In December 2018, the Company announced the acceleration of its AMC transformation program and the wind-down of non-core mortgage and default technology related platforms which is expected to significantly reduce UWS revenues and adjusted EBITDA in 2019. We believe these actions will expand our overall profit margins and provide for enhanced long-term organic growth trends. As of June 30, 2019, we incurred $48 million of non-cash charges relating to the impairment of certain intangible and software assets relating to our AMC business, and $6 million in severance costs. We may incur additional cash and non-cash charges (beyond those noted above in the Company’s 2019 guidance) as these programs are actioned.

In connection with the Company's previously announced 2020 adjusted EBITDA margin target of 30%, we intend to incur discrete charges of approximately $20 million over the course of 2019. For the six months ended June 30, 2019, we had incurred discrete charges of $13 million.
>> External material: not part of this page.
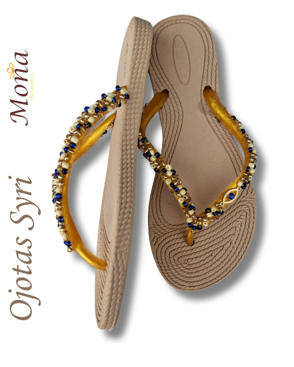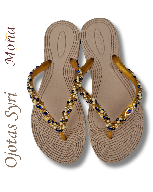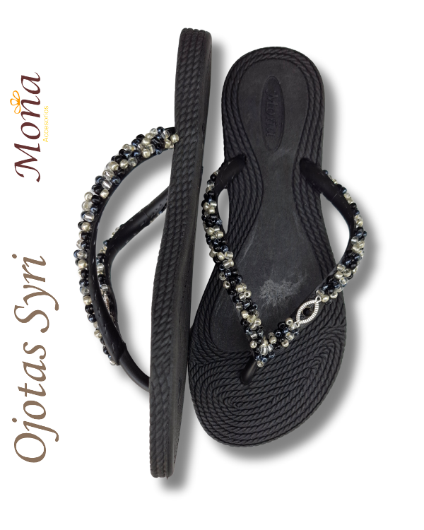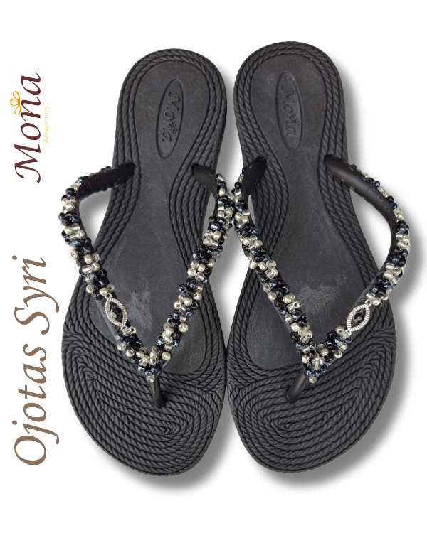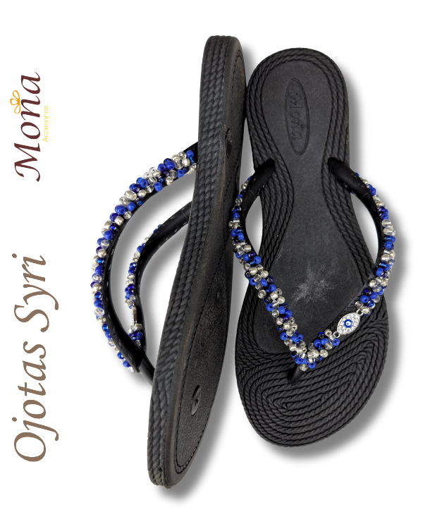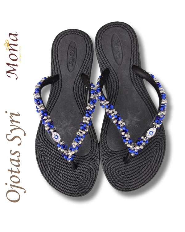 Ojotas bordadas artesanalmente en mostacillas y pedrería. En ese caso, podes elegir en base negra o arena, y bordados azul o negro, con detalle de dije a tono. En la sección Información podés consultar la guía de talles, o solicitarla por WhatsApp

These investments are expected to increase the operating efficiency and accelerate the transformation of certain technology and data platforms. These charges are reflected in the Company’s GAAP financial results and are excluded from adjusted EBITDA and adjusted EPS metrics which are non-GAAP measures.

Teleconference/Recast

CoreLogic management will host a live webcast and conference call on Thursday, July 25, 2019, at 8:00 a.m. Pacific time (11:00 a.m. Eastern Time) to discuss these results. All interested parties are invited to listen to the event via webcast on the CoreLogic website at http://investor.corelogic.com. Alternatively, participants may use the following dial-in numbers: 1-800-479-1004 for U.S./Canada callers or 1-786-789-4772 for international callers using confirmation code 7619087.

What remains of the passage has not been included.